È possibile regolare il gioco dopo l’installazione?

A volte, a seconda del tipo di trasmissione e delle condizioni di ingranamento. Nelle trasmissioni in cui è possibile regolare la distanza tra il pignone o la vite senza fine e la corona dentata, è possibile regolare il gioco dopo l’installazione modificando proprio quella distanza. Tuttavia, se l’ingranamento è molto usurato, la regolazione può ridurre il valore del gioco senza ripristinare il profilo dei denti, e l’usura continuerà ad accelerare. In questo caso, la regolazione da sola non è una soluzione: i componenti usurati devono essere valutati e, se hanno superato il limite di usura, sostituiti. La regolazione del gioco dopo l’installazione è uno strumento di manutenzione, non un sostituto per risolvere il problema di fondo.

Un azionamento di rotazione autobloccante non ha gioco?

No. L’autoblocco e il gioco di accoppiamento sono due cose diverse. Un ingranaggio a vite senza fine autobloccante impedisce alla corona dentata di far ruotare all’indietro la vite senza fine, quindi il carico viene mantenuto in posizione senza bisogno di un freno, ma presenta comunque un gioco di accoppiamento specificato che deve essere regolato e mantenuto. L’autobloccaggio controlla il movimento inverso sotto carico; non elimina il gioco tra i denti.

Cosa fa sì che il gioco aumenti col passare del tempo?

Il gioco aumenta man mano che i denti degli ingranaggi e le piste dei cuscinetti si consumano, quando si perde il precarico dei bulloni e si verificano micro-spostamenti, oppure quando l’ingranaggio subisce danni da urto a causa di un gioco eccessivo durante il funzionamento. Un aumento del gioco comporta sia una perdita di precisione sia un segnale che il sistema si sta usurando, e dovrebbe essere misurato rispetto ai limiti indicati dal produttore come parte delle ispezioni periodiche.

Quanto gioco è accettabile in un sistema di rotazione?

Non esiste un unico valore universale. Il gioco ammesso è un intervallo specificato dal produttore per quel particolare ingranaggio e quella specifica applicazione, solitamente correlato al modulo dell’ingranaggio o indicato direttamente nella documentazione di installazione. Viene misurato nel punto massimo dell’eccentricità radiale della corona dentata. Il valore esatto va sempre ricavato dalla documentazione del produttore relativa al prodotto specifico.

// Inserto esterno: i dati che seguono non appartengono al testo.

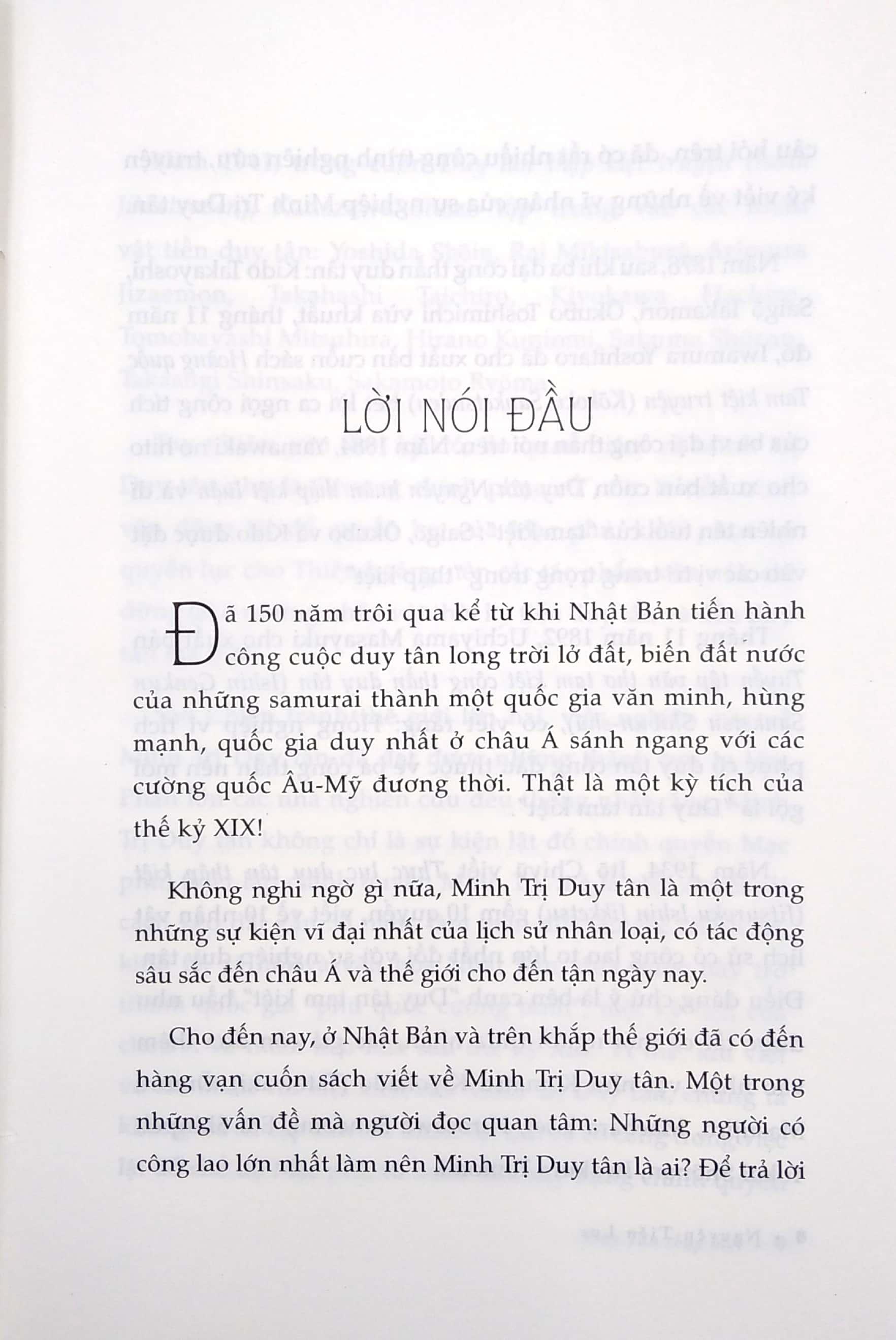 Vì thế, khi viết về các nhân vật kiệt xuất của Minh Trị Duy tân, chúng ta không chỉ đề cập đến các nhân vật lịch sử có công trong việc lật đổ chế độ Mạc phủ và bước đầu xây dựng chính quyền Minh Trị mà cả các nhân vật lịch sử có công trong việc xây dựng đất nước “phú quốc cường bình”. Hơn nữa, không chỉ đề cập đến các nhà hoạt động chính trị, quân sự mà cả các nhà tư tưởng và các nhà doanh nghiệp có công lao to lớn cho sự nghiệp duy tân.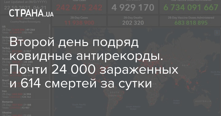 Второй день подряд ковидные антирекорды. Почти 24 000 зараженных и 614 смертей за сутки

Il gioco è importante per gli inseguitori solari?

Sì. Gli inseguitori solari devono posizionare i pannelli con precisione e in modo ripetitivo, e ogni inversione di direzione comporta una perdita di posizione pari al gioco, finché il gioco non viene compensato. Un gioco eccessivo o in aumento può ridurre la precisione dell’inseguimento e, nel tempo, influire sulla produzione di energia. Ecco perché gli azionamenti di rotazione per l’inseguimento solare sono generalmente progettati per avere un gioco ridotto e vengono monitorati per rilevare eventuali aumenti durante il funzionamento.